Understanding and Actively Improving Your Gut Health
Your gut feeling is far more than just an idiom – it’s the compass for your entire well-being. Good gut health is the foundation for more energy, a stable psyche, and a robust immune system. If you finally want to understand your body’s signals and actively do something for yourself, you’ve come to the right place. We’ll help you understand the connections and show you how to move from guesswork to clarity with the appropriate self-tests from mybody-x.
Why Your Gut Health is the Foundation for Everything

Don't just think of your gut as a digestive tube. Instead, view it as the pulsating control center of your body – a complex ecosystem that influences far more than just what ends up on your plate.
Stable gut health is not an isolated topic, but is intimately linked to your energy, your skin, your mood, and even your mental clarity. It is the invisible control center that determines your daily well-being.
The Gut-Brain Axis as a Communication Hub
Did you know that your gut and your brain are in constant dialogue? This connection, known as the gut-brain axis, functions like a data highway. Via nerve pathways, hormones, and countless messenger substances, the two organs continuously exchange information.
An imbalance in the gut can therefore directly affect your psyche. Mood swings, concentration problems, or a feeling of mental exhaustion often originate here. Your “gut feeling” is therefore a very real, biological fact.
Incidentally, you are far from alone with these complaints. The topic is increasingly coming into focus, which is also reflected in impressive figures: The German market for gut health reached a volume of almost 2 billion euros in 2024, driven by a growing awareness of proactive health management. Approximately three out of five Germans experienced digestive problems in the same year, which underlines the enormous relevance of the topic. You can find more about this in this market report on gut health in Germany.
When the Gut Sends Signals
A disturbed gut doesn’t just manifest through classic digestive complaints like bloating or irregular bowel movements. The warning signs can be much more subtle and affect areas you might never have associated with your digestion.
Some of these symptoms are easy to overlook but can be clear indications that your gut is out of balance.
Typical Signs of an Imbalance in the Gut
This table summarizes common symptoms that may indicate impaired gut health.
| Symptom Category | Specific Examples |
|---|---|
| Digestion & Gut Feeling | Bloating, fullness, constipation, diarrhea, irregular bowel movements |
| Energy & Psyche | Persistent fatigue, lack of energy, concentration problems, mood swings |
| Skin & Immune System | Recurrent skin problems (acne, eczema), dull complexion, frequent infections, new allergies |
| Metabolism & Appetite | Suddenly appearing food intolerances, sugar cravings |
If some of these points sound familiar to you, they are not coincidences but your body's language. Understanding them is the first step to regaining control.

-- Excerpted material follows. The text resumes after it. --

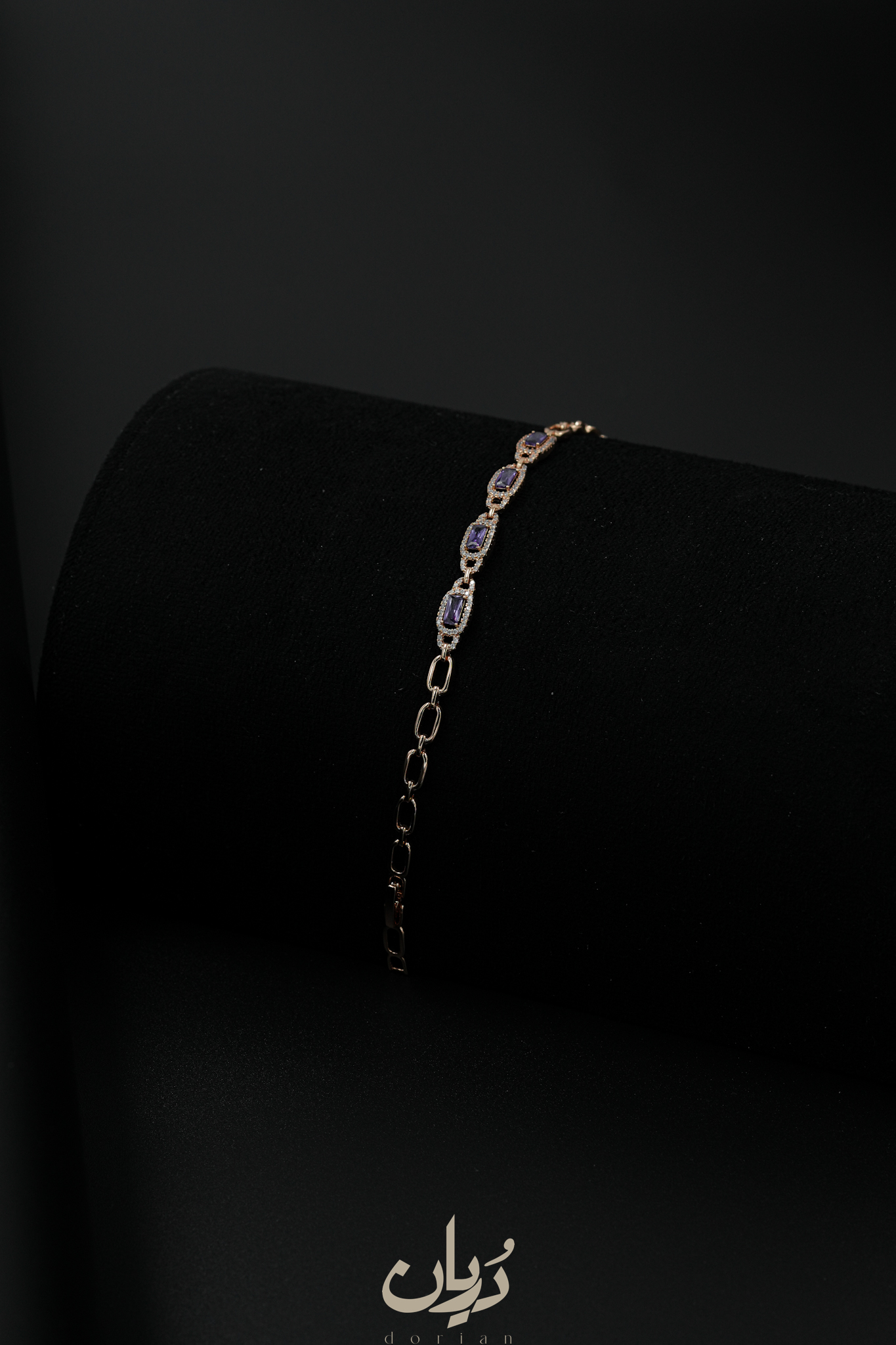 دستبند طلایی نگین بنفش

Often, the causes lie in an imbalance of gut bacteria, hidden intolerances, or a lack of important nutrients. This is precisely where mybody-x blood tests come in: they help you move from guesswork to clarity. Do you want to delve deeper into the connections? Then read our fundamental guide to the importance of gut health.

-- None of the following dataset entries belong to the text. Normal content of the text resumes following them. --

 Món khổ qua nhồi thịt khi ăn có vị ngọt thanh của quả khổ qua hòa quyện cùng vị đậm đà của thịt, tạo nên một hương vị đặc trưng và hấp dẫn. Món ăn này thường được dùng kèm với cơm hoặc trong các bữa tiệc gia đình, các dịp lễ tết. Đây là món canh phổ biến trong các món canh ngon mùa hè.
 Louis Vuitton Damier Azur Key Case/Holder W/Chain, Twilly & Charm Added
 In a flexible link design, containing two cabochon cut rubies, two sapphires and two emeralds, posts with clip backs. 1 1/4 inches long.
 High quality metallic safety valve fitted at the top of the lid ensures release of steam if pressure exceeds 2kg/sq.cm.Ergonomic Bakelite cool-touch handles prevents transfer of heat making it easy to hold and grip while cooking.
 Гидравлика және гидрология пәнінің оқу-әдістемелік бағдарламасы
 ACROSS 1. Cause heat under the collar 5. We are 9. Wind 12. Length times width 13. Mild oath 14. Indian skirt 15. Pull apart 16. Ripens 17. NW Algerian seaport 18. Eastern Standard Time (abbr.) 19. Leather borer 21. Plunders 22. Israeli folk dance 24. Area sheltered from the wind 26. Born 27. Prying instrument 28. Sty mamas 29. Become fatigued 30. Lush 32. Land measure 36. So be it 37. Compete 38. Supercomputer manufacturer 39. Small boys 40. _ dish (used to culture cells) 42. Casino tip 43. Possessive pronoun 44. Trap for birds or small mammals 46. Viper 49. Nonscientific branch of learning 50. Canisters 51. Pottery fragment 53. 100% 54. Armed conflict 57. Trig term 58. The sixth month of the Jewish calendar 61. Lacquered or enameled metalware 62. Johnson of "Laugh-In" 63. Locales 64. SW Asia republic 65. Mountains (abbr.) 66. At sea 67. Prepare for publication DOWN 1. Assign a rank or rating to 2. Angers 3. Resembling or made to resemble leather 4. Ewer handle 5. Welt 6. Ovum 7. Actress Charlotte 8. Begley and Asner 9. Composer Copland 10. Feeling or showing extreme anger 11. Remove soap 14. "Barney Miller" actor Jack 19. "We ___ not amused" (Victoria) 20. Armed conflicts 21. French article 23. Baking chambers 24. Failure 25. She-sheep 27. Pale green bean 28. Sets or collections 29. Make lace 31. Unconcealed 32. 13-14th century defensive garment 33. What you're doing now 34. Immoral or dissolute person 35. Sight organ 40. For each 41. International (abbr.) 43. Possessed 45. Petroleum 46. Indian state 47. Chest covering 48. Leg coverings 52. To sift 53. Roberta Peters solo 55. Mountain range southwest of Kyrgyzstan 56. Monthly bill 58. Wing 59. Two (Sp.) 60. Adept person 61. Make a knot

The Most Common Disruptors for Your Gut
Your gut health is not a stable state, but an incredibly sensitive balance that is challenged anew every day. You can imagine your gut like a finely tuned orchestra: when all the instruments harmonize, a beautiful symphony emerges. But even a single troublemaker can throw the whole melody out of tune.
Many of these disruptive factors have become an integral part of our modern lives, often without us even noticing their profound effect on our bodies. However, precisely this knowledge is the first and most important step to understanding the causes of your complaints and regaining control.
Nutrition as a Double-Edged Sword
What you eat is the most direct form of communication with your gut. A diet rich in sugar and highly processed foods acts as fuel for the "wrong" bacteria. These undesirable microbes thrive in a sugar-rich environment and can simply displace beneficial bacterial strains.
At the same time, such a diet often lacks fiber. Fiber consists of indigestible plant fibers and is the absolute favorite food of your good gut bacteria. If this food is missing, your helpful assistants literally starve, which drastically reduces their diversity and number.
This imbalance in the composition of your gut flora is called dysbiosis. Dysbiosis can be the starting point for countless complaints, from bloating to constant fatigue to skin problems.
Chronic Stress and Lack of Sleep
Your gut and brain are inextricably linked via the gut-brain axis. Persistent stress – whether at work or at home – puts your entire body into a permanent state of alarm. Stress hormones released during this time, such as cortisol, can attack the protective mucous layer in the gut and promote inflammation.
The situation is very similar with lack of sleep. While you sleep, important regeneration and clean-up processes take place in your gut. If this restorative sleep is missing, these processes falter, which negatively affects the gut barrier and the diversity of your microbiome. Unexpected stresses, such as emotional and mental challenges while traveling, can also severely disrupt the foundation of your gut health.
Medication and Other Influences
Some medications can have a massive impact on your gut flora. At the forefront are antibiotics. They are often life-saving but unfortunately make no distinction between "good" and "bad" bacteria and can thus literally decimate the microbiome.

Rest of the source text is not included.